Froom Paul, Shimoni Zvi
Department of Epidemiology and Preventive Medicine, Sackler Medical School, Tel Aviv University, Tel Aviv, Israel.
Clin Chem. 2006 Feb;52(2):325-8. doi: 10.1373/clinchem.2005.059030.
The aim of this study was to explore whether electronically retrieved laboratory data can predict mortality in internal medicine departments in a regional hospital.
All 10,308 patients hospitalized in internal medicine departments over a 1-year period were included in the cohort. Nearly all patients had a complete blood count and basic clinical chemistries on admission. We used logistic regression analysis to predict the 573 deaths (5.6%), including all variables that added significantly to the model.

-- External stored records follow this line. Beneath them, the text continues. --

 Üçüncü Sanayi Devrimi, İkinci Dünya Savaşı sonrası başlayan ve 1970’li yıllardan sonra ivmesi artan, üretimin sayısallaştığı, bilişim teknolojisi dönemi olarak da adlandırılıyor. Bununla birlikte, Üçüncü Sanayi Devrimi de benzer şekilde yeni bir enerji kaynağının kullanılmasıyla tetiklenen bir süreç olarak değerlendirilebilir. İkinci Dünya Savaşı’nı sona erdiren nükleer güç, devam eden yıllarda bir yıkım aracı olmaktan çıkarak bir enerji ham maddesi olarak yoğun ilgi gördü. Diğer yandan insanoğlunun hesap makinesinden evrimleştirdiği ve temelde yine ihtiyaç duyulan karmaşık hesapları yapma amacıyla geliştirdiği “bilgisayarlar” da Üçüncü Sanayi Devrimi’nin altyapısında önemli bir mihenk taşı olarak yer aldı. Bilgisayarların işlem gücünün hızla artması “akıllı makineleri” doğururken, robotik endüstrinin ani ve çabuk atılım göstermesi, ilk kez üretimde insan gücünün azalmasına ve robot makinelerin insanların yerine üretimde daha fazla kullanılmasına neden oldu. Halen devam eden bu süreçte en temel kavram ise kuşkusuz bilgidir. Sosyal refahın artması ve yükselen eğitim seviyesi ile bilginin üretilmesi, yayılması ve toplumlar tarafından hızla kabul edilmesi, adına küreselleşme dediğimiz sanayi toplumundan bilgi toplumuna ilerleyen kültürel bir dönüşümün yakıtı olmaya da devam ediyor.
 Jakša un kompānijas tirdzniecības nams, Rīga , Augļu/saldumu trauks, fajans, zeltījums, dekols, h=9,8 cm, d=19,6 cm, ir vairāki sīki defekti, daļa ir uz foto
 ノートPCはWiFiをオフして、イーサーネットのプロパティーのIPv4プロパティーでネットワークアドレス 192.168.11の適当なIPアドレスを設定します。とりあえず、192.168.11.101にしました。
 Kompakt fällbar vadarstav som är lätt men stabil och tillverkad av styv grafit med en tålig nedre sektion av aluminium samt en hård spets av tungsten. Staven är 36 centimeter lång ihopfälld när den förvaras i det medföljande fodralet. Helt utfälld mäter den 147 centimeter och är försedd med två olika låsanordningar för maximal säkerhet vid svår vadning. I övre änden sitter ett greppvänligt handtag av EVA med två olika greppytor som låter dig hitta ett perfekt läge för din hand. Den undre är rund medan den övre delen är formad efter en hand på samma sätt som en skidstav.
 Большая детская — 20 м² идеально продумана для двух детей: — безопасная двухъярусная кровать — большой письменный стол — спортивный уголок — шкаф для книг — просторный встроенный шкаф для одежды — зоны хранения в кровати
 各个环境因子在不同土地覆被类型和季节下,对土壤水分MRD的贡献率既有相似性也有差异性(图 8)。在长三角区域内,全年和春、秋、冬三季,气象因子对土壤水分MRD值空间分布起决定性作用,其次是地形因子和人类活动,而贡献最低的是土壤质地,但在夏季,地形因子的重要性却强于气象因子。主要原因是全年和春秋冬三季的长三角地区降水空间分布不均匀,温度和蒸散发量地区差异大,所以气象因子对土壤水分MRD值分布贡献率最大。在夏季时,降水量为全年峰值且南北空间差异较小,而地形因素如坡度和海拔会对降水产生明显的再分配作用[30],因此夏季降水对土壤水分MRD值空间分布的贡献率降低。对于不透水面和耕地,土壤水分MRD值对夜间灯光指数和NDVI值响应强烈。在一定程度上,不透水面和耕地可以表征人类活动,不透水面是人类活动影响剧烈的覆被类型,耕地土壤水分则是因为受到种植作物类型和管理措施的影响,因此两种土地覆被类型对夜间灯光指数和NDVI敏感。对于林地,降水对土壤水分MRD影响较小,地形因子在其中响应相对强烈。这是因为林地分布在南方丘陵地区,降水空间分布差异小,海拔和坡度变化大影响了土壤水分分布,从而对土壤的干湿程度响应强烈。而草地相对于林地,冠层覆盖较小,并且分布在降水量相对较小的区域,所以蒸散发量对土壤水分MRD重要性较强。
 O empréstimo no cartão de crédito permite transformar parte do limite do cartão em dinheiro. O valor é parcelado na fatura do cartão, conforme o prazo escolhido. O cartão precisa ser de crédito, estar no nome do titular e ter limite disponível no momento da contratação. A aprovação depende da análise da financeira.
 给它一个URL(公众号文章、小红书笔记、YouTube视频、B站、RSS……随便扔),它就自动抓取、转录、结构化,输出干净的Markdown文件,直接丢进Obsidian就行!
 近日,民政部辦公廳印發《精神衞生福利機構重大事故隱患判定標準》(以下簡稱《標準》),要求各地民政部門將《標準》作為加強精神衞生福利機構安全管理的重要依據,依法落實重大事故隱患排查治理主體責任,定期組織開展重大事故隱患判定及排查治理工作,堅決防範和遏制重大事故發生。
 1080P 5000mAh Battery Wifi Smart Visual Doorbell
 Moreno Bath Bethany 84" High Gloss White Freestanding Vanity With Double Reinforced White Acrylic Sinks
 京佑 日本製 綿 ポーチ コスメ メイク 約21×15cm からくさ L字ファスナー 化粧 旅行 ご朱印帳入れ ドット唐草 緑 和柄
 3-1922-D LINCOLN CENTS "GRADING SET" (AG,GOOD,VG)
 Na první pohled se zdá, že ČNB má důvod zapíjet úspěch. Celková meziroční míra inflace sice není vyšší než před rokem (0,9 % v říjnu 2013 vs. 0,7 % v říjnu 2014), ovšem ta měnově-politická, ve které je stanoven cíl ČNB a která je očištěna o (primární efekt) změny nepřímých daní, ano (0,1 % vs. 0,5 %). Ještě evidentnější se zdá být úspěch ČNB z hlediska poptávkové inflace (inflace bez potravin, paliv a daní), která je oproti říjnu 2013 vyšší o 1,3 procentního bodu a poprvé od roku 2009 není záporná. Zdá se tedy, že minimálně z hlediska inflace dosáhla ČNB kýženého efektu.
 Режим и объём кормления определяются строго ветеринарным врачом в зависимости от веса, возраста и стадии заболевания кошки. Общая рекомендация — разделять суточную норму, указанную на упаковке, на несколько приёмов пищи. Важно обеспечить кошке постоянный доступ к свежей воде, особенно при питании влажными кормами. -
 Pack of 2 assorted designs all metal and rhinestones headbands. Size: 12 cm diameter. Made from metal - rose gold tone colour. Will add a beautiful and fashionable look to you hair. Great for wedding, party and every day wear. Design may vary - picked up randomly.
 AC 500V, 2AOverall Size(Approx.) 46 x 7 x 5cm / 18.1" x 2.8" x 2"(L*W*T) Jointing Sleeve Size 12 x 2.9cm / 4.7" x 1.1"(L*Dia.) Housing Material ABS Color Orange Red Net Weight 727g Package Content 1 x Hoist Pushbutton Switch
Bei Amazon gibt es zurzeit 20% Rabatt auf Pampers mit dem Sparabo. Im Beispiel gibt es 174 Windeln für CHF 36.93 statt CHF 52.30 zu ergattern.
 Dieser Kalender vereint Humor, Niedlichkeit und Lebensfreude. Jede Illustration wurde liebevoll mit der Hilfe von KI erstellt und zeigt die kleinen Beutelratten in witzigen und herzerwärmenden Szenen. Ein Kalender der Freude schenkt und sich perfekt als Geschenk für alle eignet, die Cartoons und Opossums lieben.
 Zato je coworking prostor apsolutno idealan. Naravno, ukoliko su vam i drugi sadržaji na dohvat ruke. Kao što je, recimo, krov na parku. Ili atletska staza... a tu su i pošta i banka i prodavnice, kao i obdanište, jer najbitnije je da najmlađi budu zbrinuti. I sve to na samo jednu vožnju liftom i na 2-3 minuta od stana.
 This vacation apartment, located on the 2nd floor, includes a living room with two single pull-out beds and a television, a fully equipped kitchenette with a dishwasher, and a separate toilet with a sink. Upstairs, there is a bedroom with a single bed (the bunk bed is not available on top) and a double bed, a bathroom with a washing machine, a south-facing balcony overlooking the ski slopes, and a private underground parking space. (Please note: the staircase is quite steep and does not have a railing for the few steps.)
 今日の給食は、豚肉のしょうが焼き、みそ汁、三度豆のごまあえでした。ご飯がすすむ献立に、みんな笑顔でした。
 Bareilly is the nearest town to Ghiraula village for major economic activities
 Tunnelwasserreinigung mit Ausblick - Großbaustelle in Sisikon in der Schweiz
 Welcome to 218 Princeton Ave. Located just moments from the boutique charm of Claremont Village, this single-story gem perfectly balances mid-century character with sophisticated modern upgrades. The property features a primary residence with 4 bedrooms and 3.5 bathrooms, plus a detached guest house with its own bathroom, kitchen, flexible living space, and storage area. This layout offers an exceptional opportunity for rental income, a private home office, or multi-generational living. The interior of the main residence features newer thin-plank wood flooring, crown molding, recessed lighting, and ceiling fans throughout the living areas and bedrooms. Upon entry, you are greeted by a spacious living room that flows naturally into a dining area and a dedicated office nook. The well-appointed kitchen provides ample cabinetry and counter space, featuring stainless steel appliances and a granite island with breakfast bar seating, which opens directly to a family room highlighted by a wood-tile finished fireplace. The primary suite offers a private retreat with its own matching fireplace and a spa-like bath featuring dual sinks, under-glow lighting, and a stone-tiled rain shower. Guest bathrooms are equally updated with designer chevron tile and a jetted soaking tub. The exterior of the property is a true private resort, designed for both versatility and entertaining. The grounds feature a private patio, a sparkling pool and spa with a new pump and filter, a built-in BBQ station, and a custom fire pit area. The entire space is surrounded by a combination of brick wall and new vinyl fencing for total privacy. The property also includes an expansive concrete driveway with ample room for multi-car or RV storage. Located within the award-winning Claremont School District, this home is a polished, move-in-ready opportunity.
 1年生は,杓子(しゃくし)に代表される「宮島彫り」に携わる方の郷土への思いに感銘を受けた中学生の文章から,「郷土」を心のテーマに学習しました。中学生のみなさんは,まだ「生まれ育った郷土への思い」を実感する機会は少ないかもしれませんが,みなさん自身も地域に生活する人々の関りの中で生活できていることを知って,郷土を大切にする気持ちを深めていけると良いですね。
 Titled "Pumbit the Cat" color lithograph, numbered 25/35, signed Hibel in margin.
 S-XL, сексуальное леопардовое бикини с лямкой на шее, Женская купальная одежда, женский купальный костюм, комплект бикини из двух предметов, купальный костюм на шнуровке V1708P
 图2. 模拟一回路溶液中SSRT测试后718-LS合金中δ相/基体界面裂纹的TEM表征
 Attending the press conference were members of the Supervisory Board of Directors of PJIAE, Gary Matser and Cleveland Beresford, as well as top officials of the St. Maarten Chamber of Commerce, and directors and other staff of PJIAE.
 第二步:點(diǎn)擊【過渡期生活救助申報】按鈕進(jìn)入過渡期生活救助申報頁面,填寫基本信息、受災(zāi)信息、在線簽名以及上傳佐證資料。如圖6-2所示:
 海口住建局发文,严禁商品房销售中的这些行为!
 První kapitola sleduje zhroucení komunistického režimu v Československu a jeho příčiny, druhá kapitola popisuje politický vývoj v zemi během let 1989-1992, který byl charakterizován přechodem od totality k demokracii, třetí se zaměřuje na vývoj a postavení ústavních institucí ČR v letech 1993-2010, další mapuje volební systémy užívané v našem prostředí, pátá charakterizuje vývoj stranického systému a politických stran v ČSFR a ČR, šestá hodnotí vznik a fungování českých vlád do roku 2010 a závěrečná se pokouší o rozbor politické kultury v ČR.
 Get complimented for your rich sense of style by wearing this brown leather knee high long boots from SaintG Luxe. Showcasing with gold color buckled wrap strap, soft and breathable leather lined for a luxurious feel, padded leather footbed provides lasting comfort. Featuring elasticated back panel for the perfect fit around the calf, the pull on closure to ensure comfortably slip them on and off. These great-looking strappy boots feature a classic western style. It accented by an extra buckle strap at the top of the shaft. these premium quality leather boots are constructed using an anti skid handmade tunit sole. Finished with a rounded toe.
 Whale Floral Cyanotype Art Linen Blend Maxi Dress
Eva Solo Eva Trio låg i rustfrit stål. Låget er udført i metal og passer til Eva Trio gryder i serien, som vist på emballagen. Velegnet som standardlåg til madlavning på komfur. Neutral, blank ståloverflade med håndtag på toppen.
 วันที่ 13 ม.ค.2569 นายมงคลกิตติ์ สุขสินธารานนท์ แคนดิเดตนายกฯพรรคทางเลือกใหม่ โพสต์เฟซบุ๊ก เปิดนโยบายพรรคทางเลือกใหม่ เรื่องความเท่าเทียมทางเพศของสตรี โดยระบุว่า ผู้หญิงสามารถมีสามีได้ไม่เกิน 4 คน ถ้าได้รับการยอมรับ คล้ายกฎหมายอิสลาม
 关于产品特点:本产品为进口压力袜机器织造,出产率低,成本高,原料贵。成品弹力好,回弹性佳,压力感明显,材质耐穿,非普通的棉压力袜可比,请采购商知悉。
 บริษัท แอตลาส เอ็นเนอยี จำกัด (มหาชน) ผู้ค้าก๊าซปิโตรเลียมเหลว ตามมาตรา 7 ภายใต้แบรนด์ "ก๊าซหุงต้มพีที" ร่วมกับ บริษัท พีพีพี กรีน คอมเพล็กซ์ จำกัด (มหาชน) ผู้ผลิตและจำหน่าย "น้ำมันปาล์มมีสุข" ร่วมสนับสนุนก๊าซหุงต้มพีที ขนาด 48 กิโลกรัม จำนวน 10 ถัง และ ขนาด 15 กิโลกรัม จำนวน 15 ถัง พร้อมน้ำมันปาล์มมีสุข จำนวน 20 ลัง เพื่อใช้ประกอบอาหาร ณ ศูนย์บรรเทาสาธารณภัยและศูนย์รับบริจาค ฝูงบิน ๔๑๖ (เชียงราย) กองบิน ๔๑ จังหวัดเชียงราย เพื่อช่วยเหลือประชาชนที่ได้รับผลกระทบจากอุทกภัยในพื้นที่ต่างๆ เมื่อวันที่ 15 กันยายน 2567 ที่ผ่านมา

Eight laboratory variables and age significantly and independently contributed to a logistic regression model (area under the ROC curve, 88.7%). The odds ratio for the final model per quartile of risk was 6.44 (95% confidence interval, 5.42-7.64), whereas for age alone, the odds ratio per quartile was 2.01 (95% confidence interval, 1.84-2.19).
A logistic regression model including only age and electronically retrieved laboratory data highly predicted mortality in internal medicine departments in a regional hospital, suggesting that age and routine admission laboratory tests might be used to ensure a fair comparison when using mortality monitoring for hospital quality control.
本研究旨在探讨通过电子检索获得的实验室数据能否预测一家地区医院内科病房患者的死亡率。
该队列纳入了在1年期间内科病房收治的全部10308例患者。几乎所有患者入院时均进行了全血细胞计数和基础临床化学检查。我们使用逻辑回归分析来预测573例死亡病例(5.6%),模型纳入所有有显著意义的变量。
8项实验室变量和年龄对逻辑回归模型有显著且独立的贡献(ROC曲线下面积为88.7%)。最终模型中风险每增加一个四分位数的比值比为6.44(95%置信区间为5.42 - 7.64),而仅年龄一项,每增加一个四分位数的比值比为2.01(95%置信区间为1.84 - 2.19)。
仅包含年龄和通过电子检索获得的实验室数据的逻辑回归模型能够高度预测一家地区医院内科病房患者的死亡率,这表明在利用死亡率监测进行医院质量控制时,年龄和常规入院实验室检查可用于确保公平比较。